Term Securities Lending Facility and Term Auction Facility

The credit markets, which significantly impacted the economy, presented challenges to the Fed in 2007 and 2008. Investors have now received an unexpected and acute reminder of the possible risks associated with taking on credit risk due to the recent hikes in interest rates and the subsequent collapse in the value of subprime-backed collateralized debt obligations (CDOs).

Although the underlying cash flows of the majority of credit-based investments did not significantly erode, investors started to demand higher return premiums for holding these investments, which not only increased interest rates for borrowers but also restricted the total amount of money that financial institutions were willing to lend, which in turn put pressure on the credit markets.

Given how bad the crisis was, the Fed had to devise new ways to lessen its effects on the economy as a whole. The Fed supported credit markets, investors’ perceptions of them, and institutions’ willingness to lend despite deteriorating economic and credit market conditions. The Fed established the term “auction” and “securities lending facilities” to achieve this. Let’s examine these two things in detail.

Term Auction Center

The term auction facility was created to give financial organisations anonymous access to Federal Reserve funds to help with short-term liquidity needs and generate capital for lending.

Because businesses would bid on the interest rate they would pay to borrow money, it was given the name auction. This contrasts with the concession window, which makes an institution’s need for funds known to the public, causing depositors to worry about the institution’s viability, which only serves to heighten worries about the stability of the economy.

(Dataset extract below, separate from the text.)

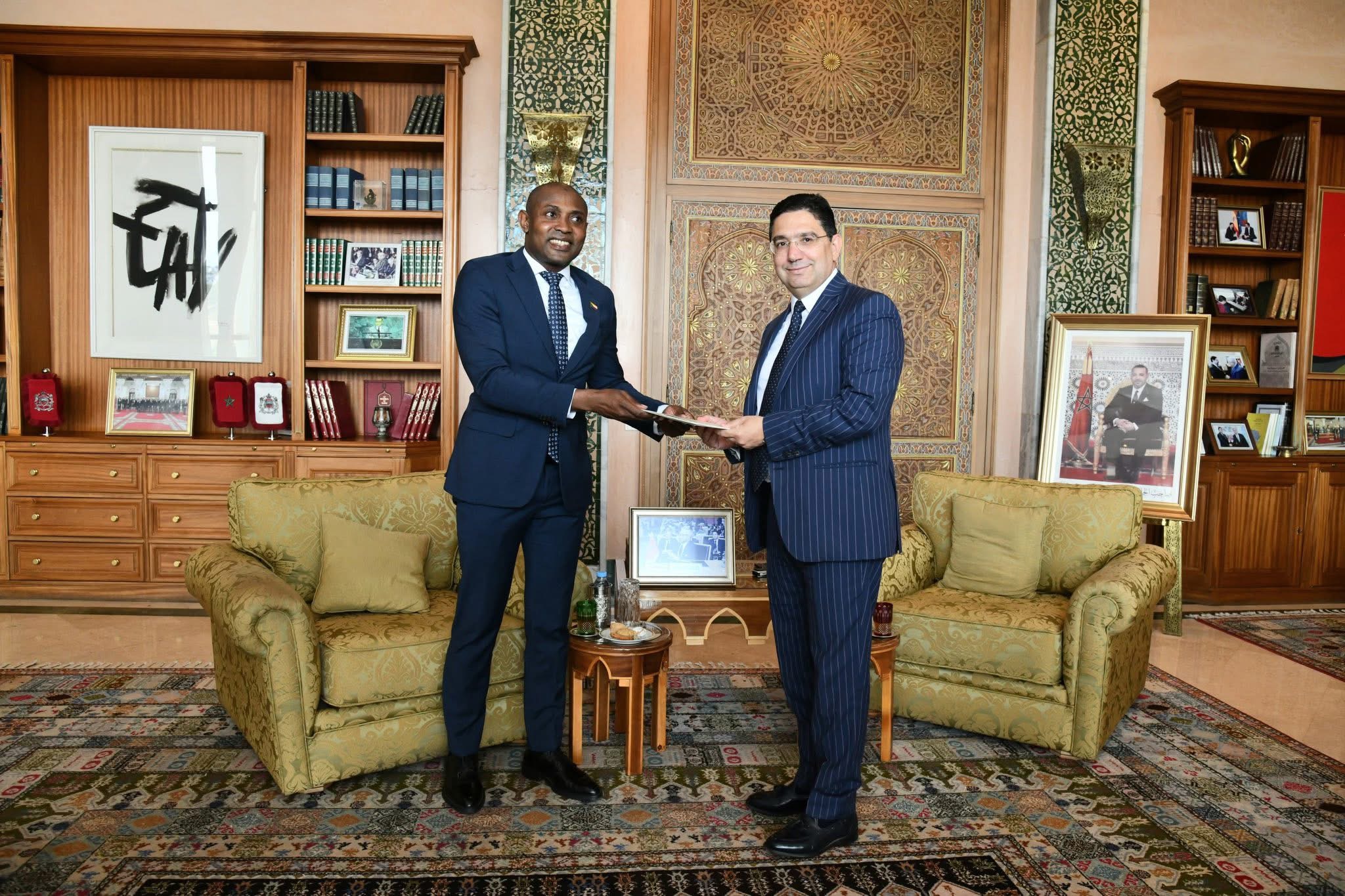 استقبل وزير الشؤون الخارجية والتعاون الإفريقي والمغاربة المقيمين بالخارج، ناصر بوريطة، اليوم الاثنين بالرباط، وزير الشؤون الخارجية والتعاون الدولي باتحاد جزر القمر، مباي محمد، حاملا رسالة إلى صاحب الجلالة الملك محمد السادس، نصره الله، من فخامة رئيس اتحاد جزر القمر، غزالي عثماني.

Lending Facility for Term Securities

The Fed established the term securities lending facility as an additional option to address balance sheet concerns, enabling banks to exchange mortgage-backed CDOs for U.S. Treasury securities. Because of the high exposure that the firms had to mortgage-backed CDOs, the value of their assets was declining. This had profound implications for their balance sheets. If uncontrolled, falling CDO prices might have caused financial institutions to go bankrupt and contributed to losing faith in the American financial system.

Balance sheet worries, however, may be lessened until liquidity and pricing circumstances for these securities improve by replacing falling CDOs with U.S. Treasuries. This recently developed technique allowed for the 2007 Fed-planned seizure of Bear Stearns.

Monetary Easing

The Fed’s arsenal of tools may occasionally need to be improved to boost economic activity during a severe crisis. For example, quantitative easing (QE) is an unconventional monetary policy where a central bank buys longer-term government securities or other kinds of protection on the open market to expand the money supply and promote lending and investment. By driving up the price of fixed-income assets, purchasing these securities boosts the economy’s money supply and lowers interest rates. As a result, the central bank’s balance sheet also significantly increased.

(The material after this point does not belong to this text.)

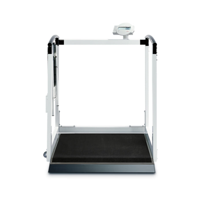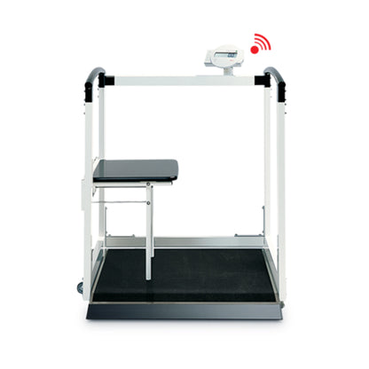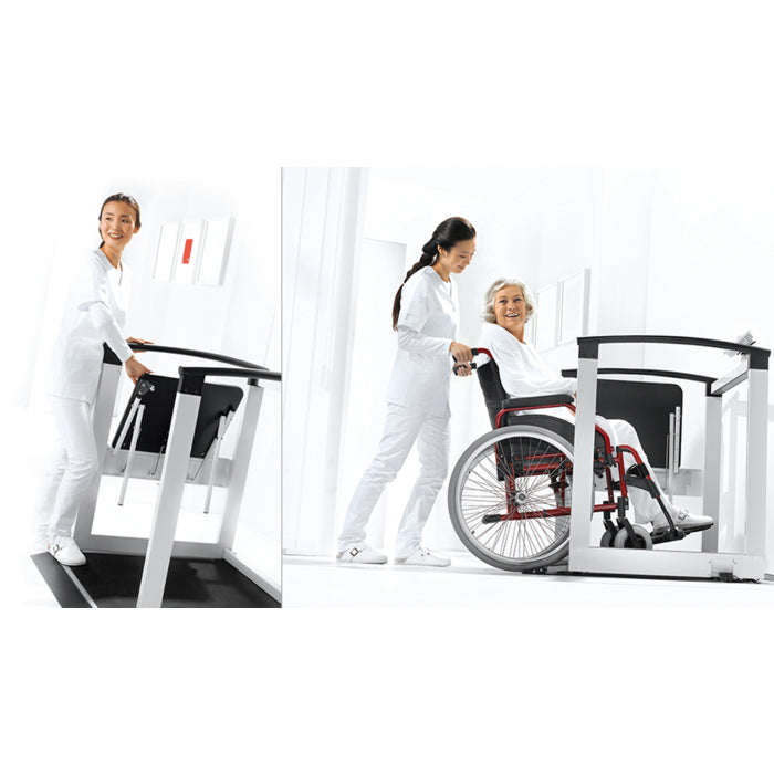 The Seca 685 wireless multifunction scales facilitate safe weighing while standing, sitting or in a wheelchair without having to be converted to suit the patient. When standing the patient is supported by a stable handrail, when sitting by an integrated folding seat and in a wheelchair by a large platform (76 x 82cm) - the weight of the wheelchair is simply tared away by the pre-TARE function.

Normal open market operations, which target interest rates, are ineffective when short-term interest rates are at or near zero. Thus, a central bank can instead target specific asset purchases. In addition, quantitative easing expands the money supply by acquiring assets with freshly issued bank reserves to give banks more liquidity.

Some central banks have turned to even more severe measures like hostile interest rate policy if QE fails (NIRP). Although it was adjusted to 0%-0.25% after the 2008 financial crisis and once more in March 2020 in the wake of the COVID-19 pandemic, the Fed has never before placed target interest rates below zero.

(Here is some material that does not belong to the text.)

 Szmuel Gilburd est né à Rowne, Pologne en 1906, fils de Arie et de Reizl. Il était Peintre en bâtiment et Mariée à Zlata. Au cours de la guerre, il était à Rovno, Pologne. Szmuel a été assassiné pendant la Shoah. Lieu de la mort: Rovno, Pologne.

Even though monetary policy is generally in flux, it relies on the fundamental idea of changing interest rates, which affects the money supply, the economy, and inflation—understanding the Fed’s motivations for implementing particular policies and how those policies might affect the economy. This is so that opportunities presented by the ups and downs of economic cycles can be taken advantage of to accept or shun investment risk. As a result, finding attractive chances in the markets requires a solid understanding of monetary policy.